Nice to see that America learned from that era. 1987 was the end of the faux boom caused by massive deregulation. Greed, like nuclear reactions, tribbles, kittens, drugs, or masturbation, is only good with regulation. Without regulation - such as rules that limit monopolization, shady trading, speculation, perpetual refinement of palming off nothing as something - capitalism was free to beeline toward its ultimate end: one incredibly rich person with everything and everyone else with nothing. Many tried, many came close, and then on Black Monday 1987 people suddenly realized they owned millions of shares of nothing verifiable. The system began to collapse, propped up only by a huge taxpayer bailout in what was then called the S&L scandal.

Blame goes all around. Republicans, democrats, traders, rich people, the media, oleagenous oil barons, brown people, the war, etc. Nobody blames the American voting public. Nobody in America, anyway. Even this collapse will probably not be enough to produce fundamental change. The economic fracas will occur again in the next generation. Similarly, we'll get involved in another expensive war, offset by increasingly sophisticated ideological distraction. Abortion. Gay marriage. Prayer in schools. Some horrific new threat from The Scientists. Gutting moose. The technology behind weapons of mass distraction will continue to evolve much faster than any countering force. Credit may be restored, but credibility will utterly collapse. Nobody will trust anyone, and with good reason. The ensuing fortress mentality will feed back into the alienation mindset, us versus them, it's all Their fault and They deserve it. So obvious, so predictable, and so unstoppable.

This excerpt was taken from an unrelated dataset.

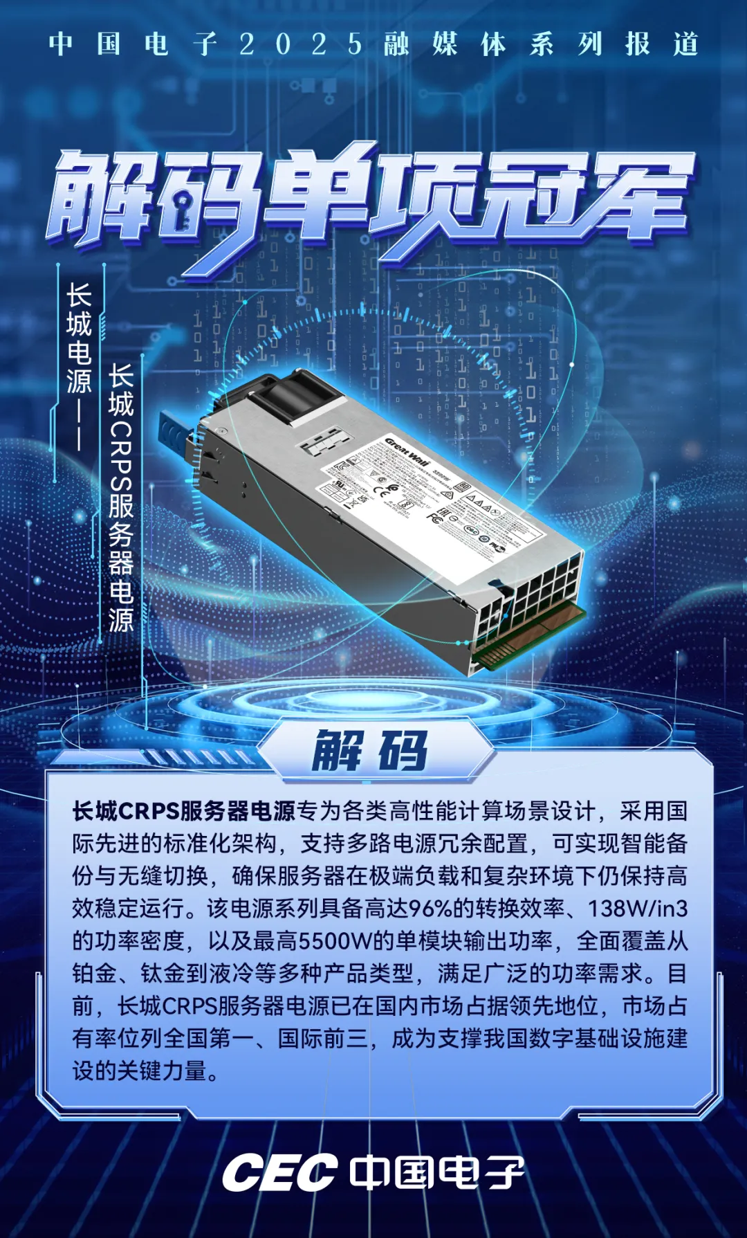 解碼單項(xiàng)冠軍|長(zhǎng)城CRPS服務(wù)器電源:硬核供電王,筑牢數(shù)字基建能源根基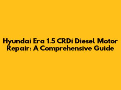 Understanding the Hyundai Era 1.5 CRDi Diesel Engine

Because stopping it would require education, critical thinking, teaching the American populace skills that might make them more discerning consumers and voters. This would create the risk that people might not buy your product or heed the dominant paradigm. There's far more money in the opposite extreme, embodied by the anti-intellecutalism that won the last two presidential elections. Idealism always loses; it just sometimes seems to win when pragmatists wield it to confuse, deceive, and control. Ah well. I wonder how I can make money off this cycle next time?


"I know no safe depositary of the ultimate powers of the society but the people themselves; and if we think them not enlightened enough to exercise their control with a wholesome discretion, the remedy is not to take it from them, but to inform their discretion by education. This is the true corrective of abuses of
constitutional power." --Thomas Jefferson



People had more faith in our leaders back then. Too bad America today did not have some kind of figurehead, a widely recognized leader with great influence within the executive branch, someone who could come out and urge the populace to support Congress and the Paulson plan. Or perhaps who could have been more proactive in preventing this situation. We needed you, Oprah.


"Many forms of Government have been tried, and will be tried in this world of sin and woe. No one pretends that democracy is perfect or all-wise. Indeed, it has been said that democracy is the worst form of Government except all those other forms that have been tried from time to time."

-- Winston Churchill, 1947, when that statement was true.